After joining the Seattle Kraken as the first Black team broadcaster in NHL history, Everett Fitzhugh has embraced his new home in the Pacific Northwest. From diving into local hockey culture, connecting with the community and ramping up for his first season with the new franchise, Fitzhugh has been a crucial part of the organization.
“We want people to truly feel like they are apart of this team and apart of this organization. They are more than fans to us and I think it’s been so amazing how we are trying to tell our story through our community’s eyes and tell our community’s story through our eyes.”
In this episode of #Storyteller, Fitzhugh shares what it’s like to build a team brand from the ground up and how he is using his platform to change the perception of the game. Plus, a riveting story on lost sports memorabilia that you won’t want to miss.

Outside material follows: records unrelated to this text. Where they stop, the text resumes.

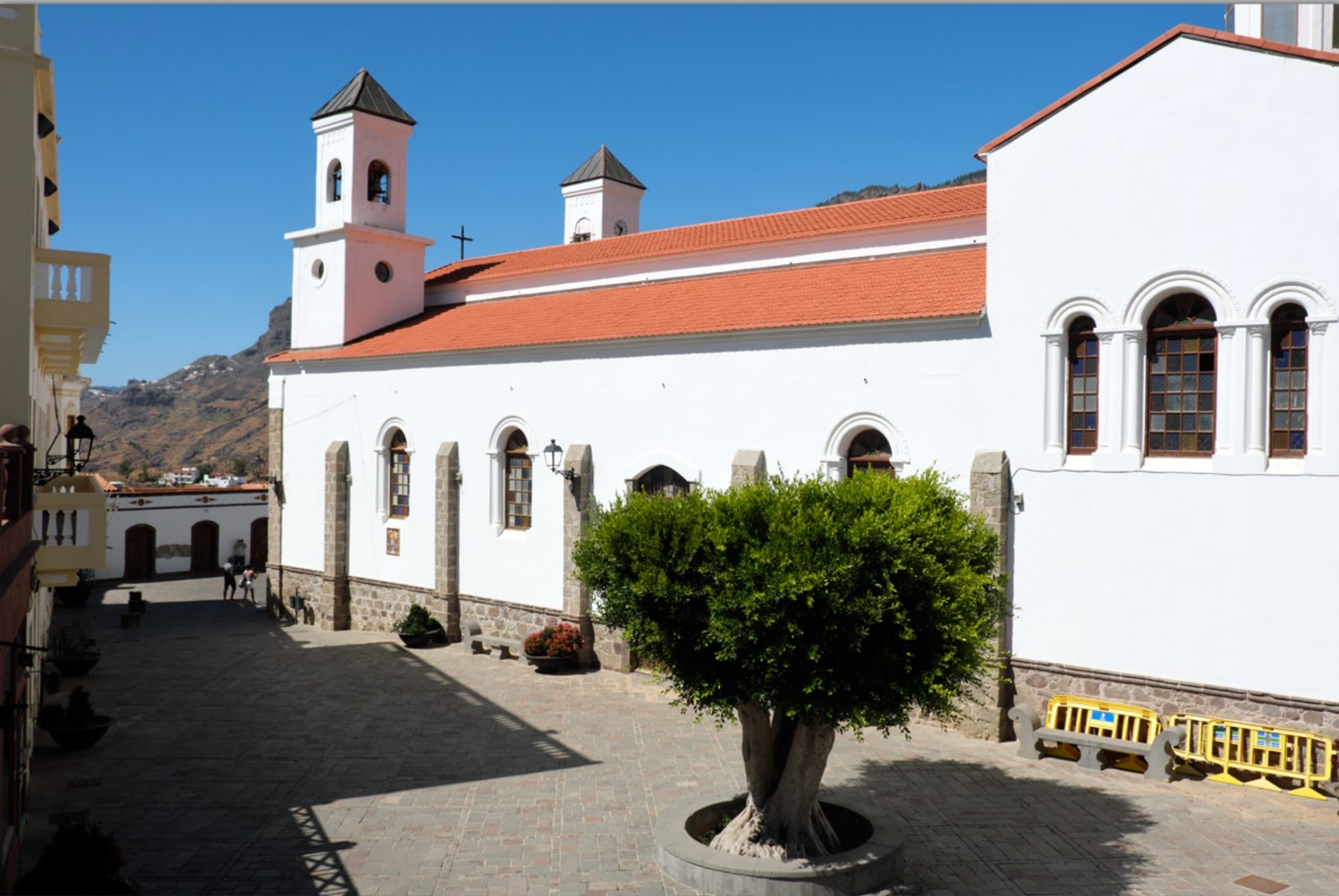
TEJEDA #Iglesia Nuestra Señora del Socorro
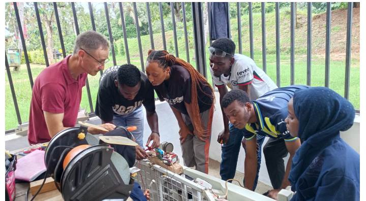
Studenten bei der Fehlersuche an einem elektrischen Bett

„Die Auswirkungen sind messbar. Indem wir eine realitätsnahe technische Umgebung in der Werkstatt nachgebildet haben – mit mechanischen, elektrischen und elektronischen Komponenten – haben wir die ‚Vertrauenslücke‘ effektiv geschlossen. Unsere Studenten beginnen ihre Praktika nicht mehr mit der Frage, ob sie die Arbeit bewältigen können. Sie verfügen über die praktischen Fähigkeiten, die sie benötigen, um lebensrettende Geräte zu warten und Fehler zu beheben.“
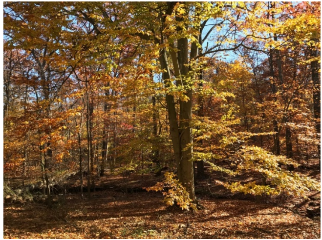
Figure 1 Baltimore 秋季植被
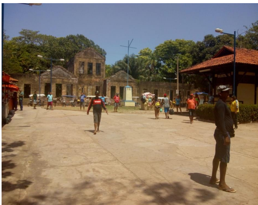
Figura 5. Imagem do antigo educandário e colônia penal.

O educandário foi inaugurado em 1933. Porém, em 1968 foi construída uma penitenciária na ilha e, por algum tempo, o educandário e o presídio coexistiram. O educandário foi extinto e a ilha se transformou em uma ilha-presídio até 1977, quando a Colônia Penal de Cotijuba foi destituída (BRITTO, SILVEIRA, 2014, p. 838)
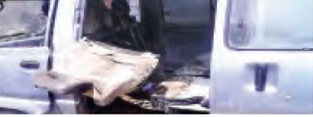
ခြင်ဆေးရွေးသုံးလျှင် သတိယှဉ် အောက်တွင်ခံခွက် ပပေနှင့်
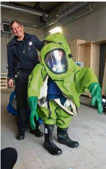
Passt nicht so ganz, Spaß hat es bei der Feuerwehr aber trotzdem gemacht.

Ausstattung, etwa Schutzweste und Handschellen.
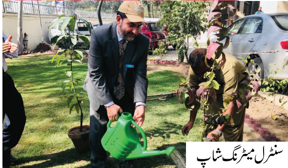
سنٹرل میٹرنگ شاپ
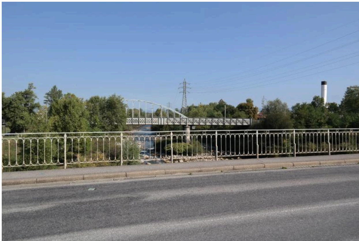
Pont ferroviaire de Vongy depuis le pont de Dranse
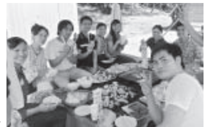
みんなで楽しくバーベキュー

9月2日(日)、CCZ松任海浜公園内にて、バーベキュー交流会を実施しました。6カ国の外国人50名と協会員30名等総勢約80名が参加し、野菜切りや火起こしをはじめ全員が協力し合って、和気あいあいと楽しみました。参加者はベトナムの春巻き、フィリピンの煮込み料理アドボなどを持ち寄り、国際色豊かなバーベキュー交流会となりました。
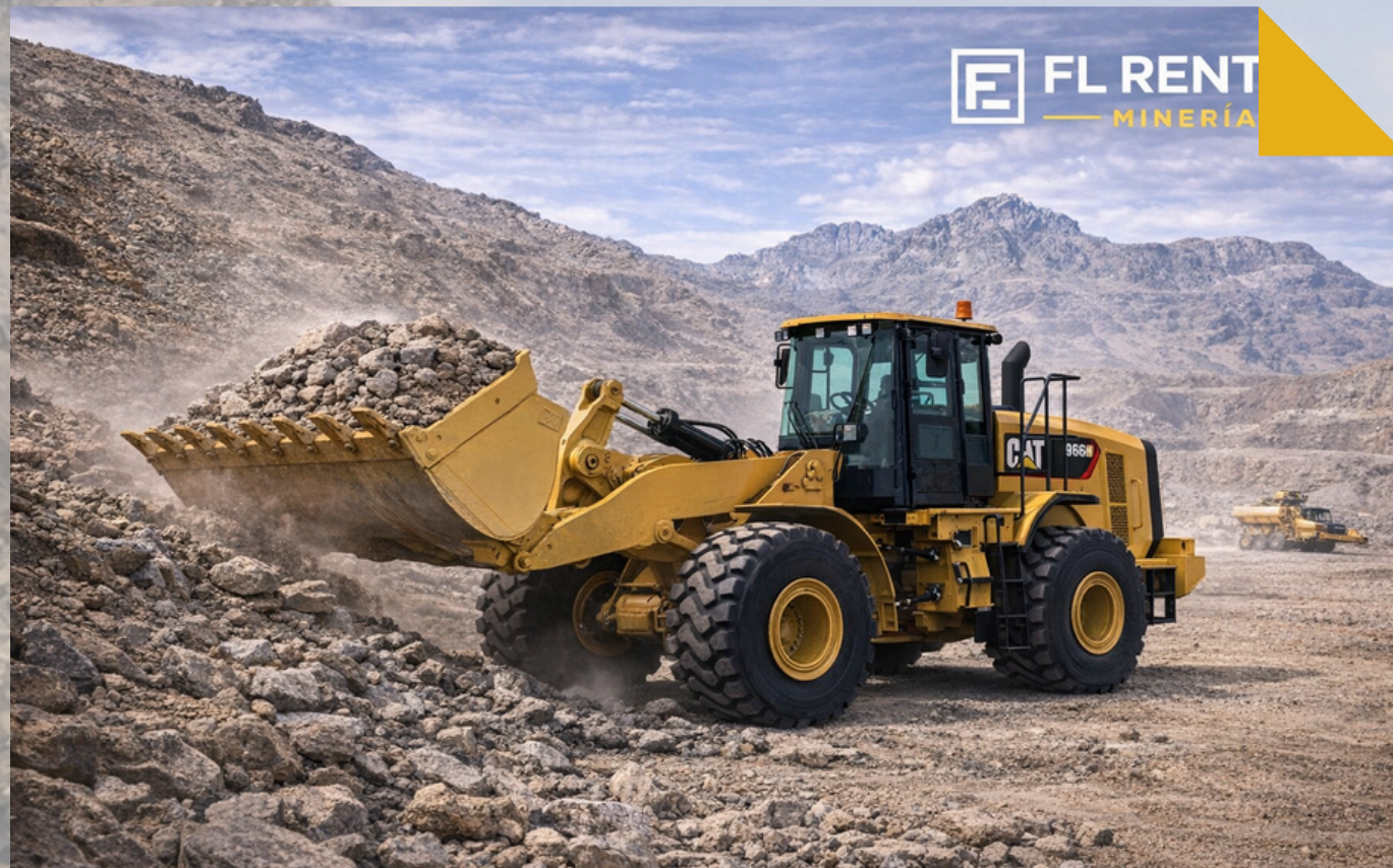
CARGADOR FRONTAL Modelo CAT 966 GC
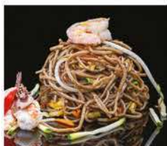
189. YAKI SOBA CON VERDURE E GAMBERI* € 8,00
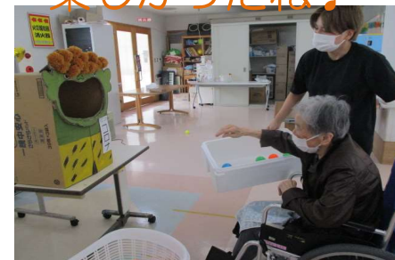
鬼の口にボールを投げたよ☆三

Best advice for anyone wanting to follow their dream but not knowing where to start:
I think for me the biggest piece of advice I learned and I had to learn it because there weren’t a lot of people who looked like me within the game of hockey. So watching other Black players and other minorities and women succeed in areas that they are not supposed to succeed in, I learned that no matter who you are, no matter your sexual orientation, your gender, your race, your ability, there is a place for you, there is a place for your voice in that space. It can be sports, it can be medicine, it can be science, it can be aerospace engineering, I don’t care where it is there is a place for you. Don’t listen to the noise, there is a ton of noise but there is a space for you in whatever space you want to be in. You belong in that space.
What it’s been like building a new brand from scratch:
This is the largest, small start up operation I think you could ever imagine and it’s been unbelievable. It’s been incredible to be apart of this seemingly since day one. I came in a few years into the process of NHL Seattle but being able to see our staff grow from even when I started here has been awesome. Our vision, what we are planning on doing for our fans, how we want to incorporate our community, how we want to make our community feel apart of this team. We don’t want hockey fans we want people to truly feel like they are apart of this team and apart of this organization. They are more than fans to us and I think its been so amazing how we are trying to tell our story through our community’s eyes and tell our community’s story through our eyes and there are so many people and amazing backgrounds in our organization trying to tell that story.
It’s a good mix of local Seattle folks who know the landscape, that have the history here, they have the roots here. You have people who aren’t from here but that can bring a different perspective of things they have seen. A ton of influence on how this can be not only Seattle’s team but the pacific Northwest’s team. We’ve got a huge huge interest and want to incorporate the great state of Alaska. They are part of our territory. We fought to get Alaska within our territory because we want to tell their story, their hockey story. We want to tell parts of Oregon Idaho, Montana, Eastern Washington, this isn’t Seattle’s team, this is the Pacific Northwest’s Hockey team and for us to have the honor and the privilege of telling that hockey story in our community is awesome. Expansion teams are so few and far in between, you don’t have a lot of expansion teams and to not only be around for an expansion team, you know Vegas and us, you go back 20 years and Nashville and Columbus and Minnesota but to actually be apart of it is unbelievable, it’s such a cool experience.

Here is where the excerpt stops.